Como preguntó sobre los ensayos basados en PCR, trataré de explicar un ensayo de PCR simple para verificar la mutación. Lo mantendré lo más breve posible. No estoy usando ninguna imagen para representar nada. Si no puedes entenderlo, avísame. Entonces intentaré publicar fotos aquí.
Esto lo usamos para validar una mutación conocida en un paciente o un organismo modelo.
Imagine una mutación en un gen de tamaño, digamos 500 pb. Una mutación puede ser una indel, o una sustitución o cualquier cosa.
- ¿Por qué usamos una escalera de ADN?
- ¿Cómo mide nuestro ADN el tiempo?
- ¿Cómo saben los científicos si un par de bases es A, T, C o G?

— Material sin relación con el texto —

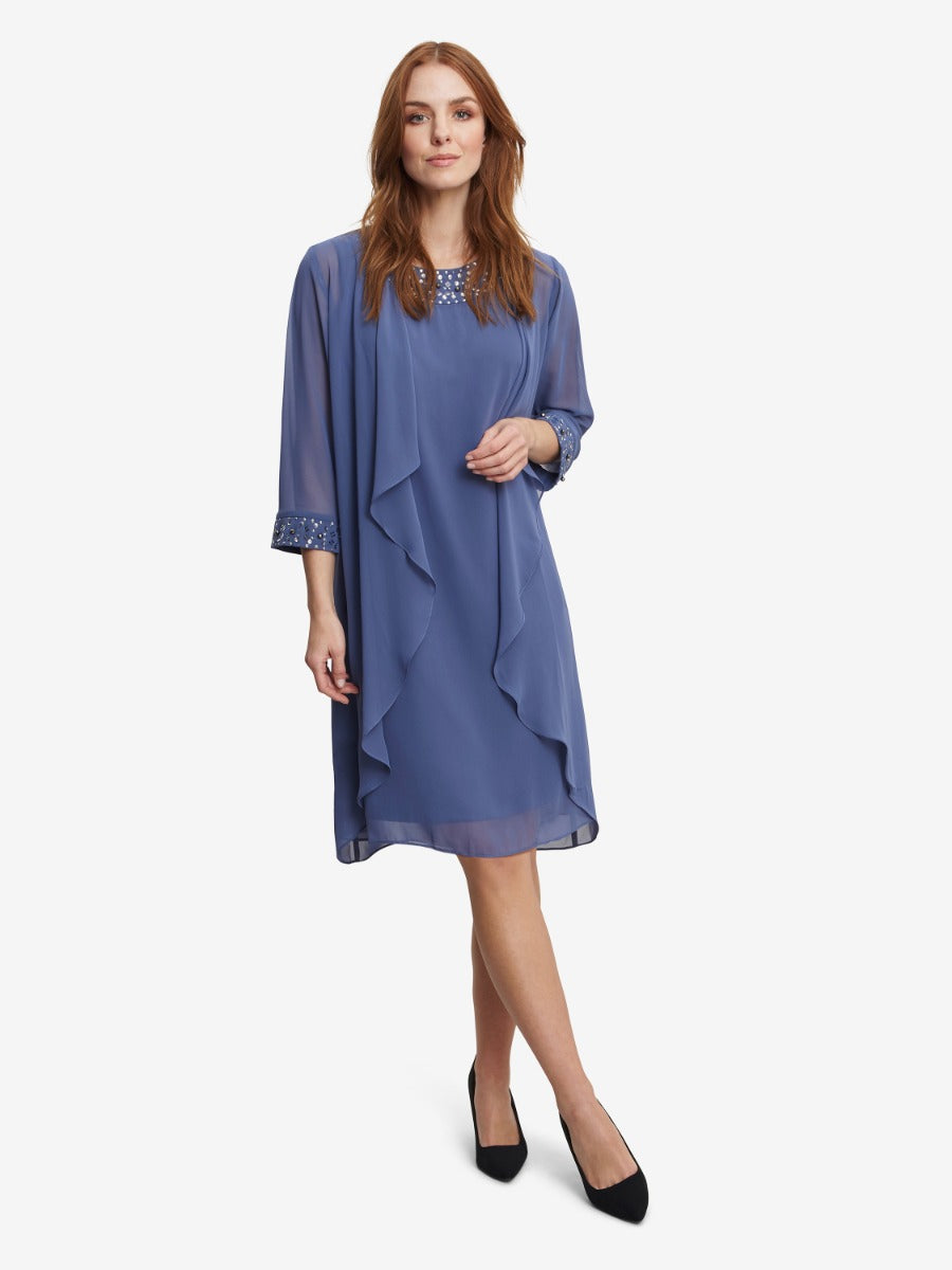 Our elegant Gina Bacconi open-front jacket lends soft texture to this short chiffon dress, while beading at the neckline adds a hint of shine. The perfect ensemble.
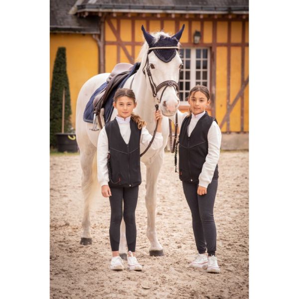 Die Airbag-Weste Airlight 2 Kinder von Pénélope by Freejump schützt junge Reiterinnen und Reiter bei einem Sturz vom Pferd.SCHUTZ:Die Airbag-Weste Airlight 2 von Pénélope bietet einen optimalen Schutz für Nacken, Rücken, Lendenwirbelsäule, Kreuzbein, Becken und Brustkorb. Sie verfügt außerdem über einen kontinuierlichen seitlichen Schutz, der eine Ausrichtung des Rumpfes gewährleistet. Im Nackenbereich sorgt ein Kragen für Stabilität der Wirbelsäule und der vitalen Bereiche. Erhältlich in zwei Größen, Child S und Child L, passt sie sich einer Vielzahl von Körperformen an. Mit dem Airbag Airlight ist das Tragen eines zertifizierten Reithelms unerlässlich, um den Reiter oder die Reiterin bestmöglich zu schützen. Die Neuheit dieses Modells liegt in der engeren Passform für einen besseren Schutz. Größenberatung: Die beiden Größen Child S und L sind für Kinder mit einem Gewicht zwischen 25 und 40 Kilogramm konzipiert. Die Rückenlänge variiert, um sich an eine Vielzahl von Körperformen anzupassen. Um die am besten geeignete Größe zu wählen, empfehlen wir, sich an der entsprechenden Größentabelle zu orientieren.STIL:Unsere Airbag-Weste Airlight 2 ist so konzipiert, dass sie eng anliegt, entweder alleine getragen oder über unseren New York Turnierjacken (hier erhältlich), den Paris Soft Air Turnierjacken (ab Dezember 2021 erhältlich) oder anderen zertifizierten "Freejump Airbag Technology kompatiblen Jacken"* (*Jacke kompatibel mit der Freejump Airbag-Technologie). Sie wird mit einem Reißverschluss auf der Vorderseite geschlossen und zwei V-förmige Nähte betonen das Produkt und verleihen ihm den unverwechselbaren Pénélope-Touch. Die Neuheit der Airlight 2 Weste liegt auch in ihrem neuen Stoff, der atmungsaktiver, leichter und weicher im Griff ist.KOMFORT:Aus elastischen und atmungsaktiven Materialien gefertigt, ist sie sehr leicht zu tragen und wird im Sattel schnell vergessen. Die Neuheit der Airlight 2 liegt auch in ihrer neuen, flexibleren und komfortableren Generatorunterstützung.ZERTIFIZIERUNG:Zertifiziert nach dem Standard AFNOR NF S72-800-2021 unter der Referenz CE FREEJUMP 1C.2.LEISTUNG:Die Aufblasgeschwindigkeit der Airbag-Weste Airlight 2 beträgt 98 ms, was die ultrarasche Zeit ist, um den erforderlichen Druck für einen optimalen Schutz zu erreichen. Der Gasgenerator dieses neuen Modells ist leichter, schneller und leiser. Er verfügt auch über ein neues patentiertes Kugelkordelband mit praktischem Halteclip (mit vereinfachter Rückstellung) und sein neues Sattelbefestigungssystem besteht aus einem leichteren Hochleistungstextil.GRÖSSENBERATUNG:Ihre Airbag-Weste Airlight 2 muss perfekt passen, weder zu groß noch zu klein sein. Zu eng anliegend könnte sie gefährlich sein beim Auslösen, zu groß könnte sie wirkungslos sein. Für dieses Modell sollte der Reiter oder die Reiterin mindestens 25 kg wiegen.PFLEGEHINWEIS:Diese Weste darf weder in der Maschine gewaschen noch chemisch gereinigt werden. Zur Pflege Ihrer Airlight können Sie sie von Hand mit einem milden Waschmittel waschen, ohne zu scheuern. Es ist absolut ausgeschlossen, sie in den Trockner zu geben oder zu bügeln. Sie darf nicht hohen Temperaturen ausgesetzt werden (z.B. auf einem Heizkörper, in der Nähe einer Flamme oder in einem geschlossenen Fahrzeug in direkter Sonneneinstrahlung). Sie dürfen die Weste weder falten noch aufrollen. Am besten lagern Sie sie an einem trockenen Ort auf einem Kleiderbügel, geschützt vor Feuchtigkeit.

- ¿Para qué se usan los genes en el ADN?
- ¿El kit de ADN de ascendencia determina su ascendencia reciente o simplemente una ascendencia antigua?
Digamos que tenemos una adición de 5 bases en el par de bases 350 en nuestro gen.
Diseñamos 2 juegos de imprimaciones. Un conjunto de cebador interno en los extremos del gen; el otro, cebadores externos alrededor del sitio de mutación en el gen (que abarca la base 350).
Entonces, cuando se produce la reacción pcr, en la muestra de control, obtendrá 3 bandas con tamaños de 50 pb, 350 pb y 500 pb. Pero en la muestra mutada, uno de los cebadores no puede unirse a la plantilla debido a la adición de 5 pb. Entonces, solo veremos 2 bandas, en lugar de 3 bandas.
Otra forma es hacer solo 3 cebadores. Dos en los extremos del gen y un cebador con las bases mutadas. Entonces, después de pcr, obtendrá solo una banda en la muestra de control porque el tercer cebador con las bases mutadas no puede unirse al ADN WT. Mientras que la muestra positiva para la mutación te dará dos bandas.
Si desea encontrar la mutación, entonces la única opción es a través de la secuenciación. Puede hacer una secuenciación sanger y comparar las secuencias con la de los padres o ir a la secuenciación de la próxima generación.